In the target model, employees are fundamentally considered assets, and the work and the work environment (i.e., the work activities) are designed to engage and invest in those assets.  The result is a new flow within an organization that works to reinforce positive outputs and outcomes.

Employee engagement is the key output to achieving this positive and reinforcing flow.  The key to employee engagement, however, is work with meaning and purpose.

“The key to employee engagement is work with meaning and purpose.”

-Peter C. Atherton    

An organization can contribute to this with an attractive mission, vision, and values statement… but it also needs to deliver.  If the realities of the office don’t resemble the promises, or, if for one reason or another, these are not lived by or lived by consistently, there won’t be a desirable work environment and there won’t be successful employee engagement.  In terms of engagement that works; “If you’re going to talk the talk, you’ve got to walk the walk.”

For most organizations to achieve the type of engagement that can create the positive and reinforcing flow, they will need to have several elements in place:

1

First, they will need a strong and attractive mission, vision, and values statement;

2

second, they will need to live by it, even if that means redesigning the workplace;

3

and third, they will need to go deeper to better understand their employees.

 

This brings us to the other perspective:

Engagement for Employees: For employees, engagement at work is both a state of mind and being that is influenced by the realities we face in work and life.

This is where organizations need to advance the most in terms of engagement.  Top organizations better understand, look to improve, and then leverage the realities of their employees toward work with greater meaning and purpose for them.
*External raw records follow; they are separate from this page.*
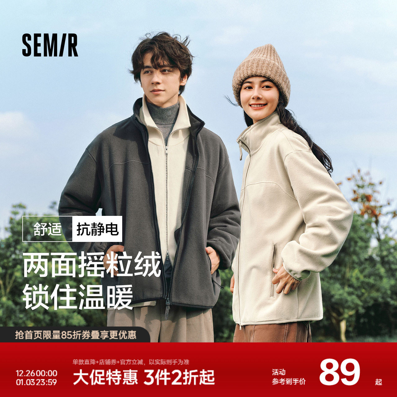 森马夹克男2024秋季新款抗静电毛绒外套保暖摇粒绒立领上衣情侣款
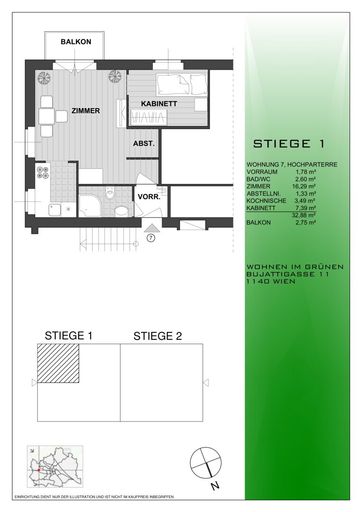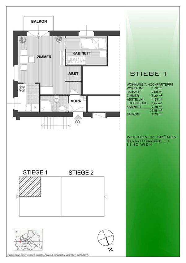 Die Wohnung befindet sich in der Bujattigasse, 1140 Wien, und bietet eine idyllische, ruhige Umgebung, einschließlich eines kleinen Baches und viel Grün direkt vor der Haustür.
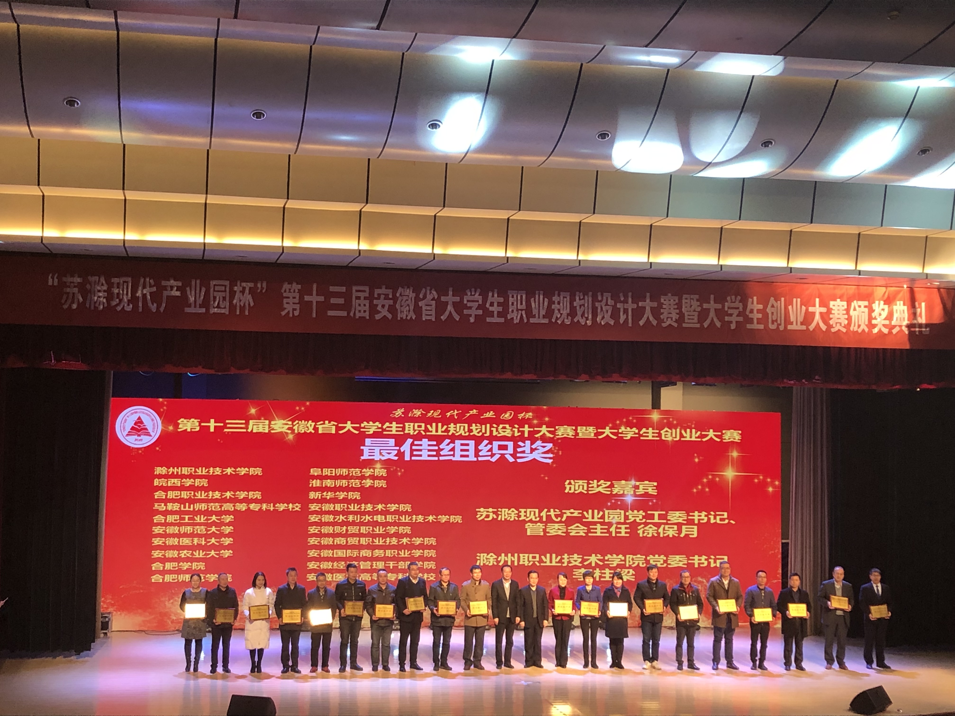 本网讯(通讯员:龚欣)12月7日至9日,“苏滁产业园杯”第十三届安徽省大学生职业规划设计大赛暨大学生创业大赛总决赛在滁州职业技术学院落下帷幕。全省共有111所高校,11万余名大学生参与此次比赛。经组委会评审,WilliamHill官网荣获“最佳组织奖”,学生甘世豪荣获“安徽省大学生职业规划之星银奖”,俞雅婷团队荣获“安徽省大学生创客之星铜奖”。省政府副省长王翠凤,省政府副秘书长郑训练,省委教育工委书记钱桂仑,省教育厅副厅长解平等领导为获奖选手和单位分别颁奖,副校长马琪代表学校领奖。

One of the realities is that, as we progress in life, our interests and passions change and evolve – especially as we enter new work and life seasons… and what we find meaningful and purposeful also changes and evolves.

Individually, our ability to see and understand these changes is determinant to both our engagement at the office and our contentedness in life.

Organizationally, our “employee-awareness” will determine our ability to adapt to both accommodate the changes in interests and passions to encourage engagement as well as the organization’s ability to leverage and grow through these changes.

For example, during the early portions of our adult life, excelling to master our craft, make a name, and provide for ourselves and our families is both an interest and a passion for most high-achieving professionals and business owners.  Excelling in this context is also something we likely found purpose in.  But… life, families, circumstances, and perspectives change.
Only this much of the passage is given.